Your instructions: Please find the line that holds "In der Woche" below and reproduce it, along with every line after it through the end, exactly and without pictures.

Information shown:
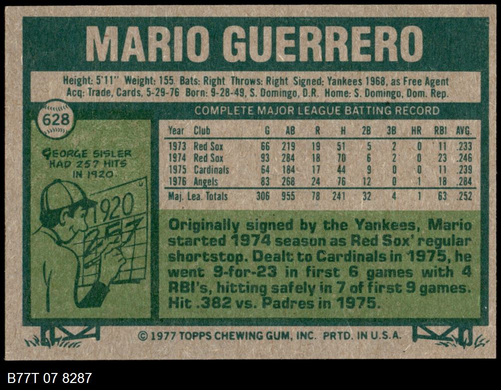 | 1977 Topps #628 Mario Guerrero | 5 - EX | Front | Back |
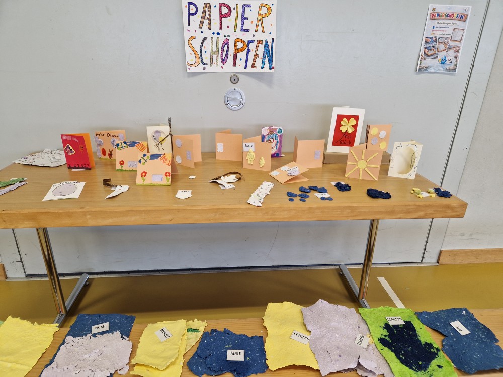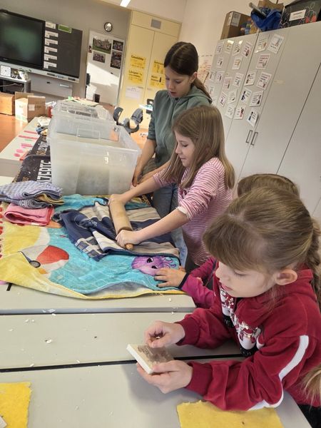 In der Woche vor den Frühlingsferien fand die Projektwoche an der Schule Mettauertal statt. Die Kinder konnten bei verschiedenen Projekt wie Textil Upcycling, Papierschöpfen, Genuss mit allen 5 Sinnen - Achtsam Essen, 1. Hilfe-Set für Körper, Seele und Freundschaft, ein Spiel erfinden, kreativ Entspannen, gib dir und der Natur Sorge, Mandala und Zen Tangle oder einer Mediengruppe mitmachen.
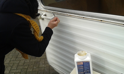 Im Außenbereich geht es unterdessen weiter mit den überlackierten Alu-Zierleisten. Der aufgepinselte Abbeizer muß hier sechs Stunden einwirken, bevor das ursprüngliche Aluminium wieder zum Vorschein kommt.

Written response:
 In der Woche vor den Frühlingsferien fand die Projektwoche an der Schule Mettauertal statt. Die Kinder konnten bei verschiedenen Projekt wie Textil Upcycling, Papierschöpfen, Genuss mit allen 5 Sinnen - Achtsam Essen, 1. Hilfe-Set für Körper, Seele und Freundschaft, ein Spiel erfinden, kreativ Entspannen, gib dir und der Natur Sorge, Mandala und Zen Tangle oder einer Mediengruppe mitmachen.
 Im Außenbereich geht es unterdessen weiter mit den überlackierten Alu-Zierleisten. Der aufgepinselte Abbeizer muß hier sechs Stunden einwirken, bevor das ursprüngliche Aluminium wieder zum Vorschein kommt.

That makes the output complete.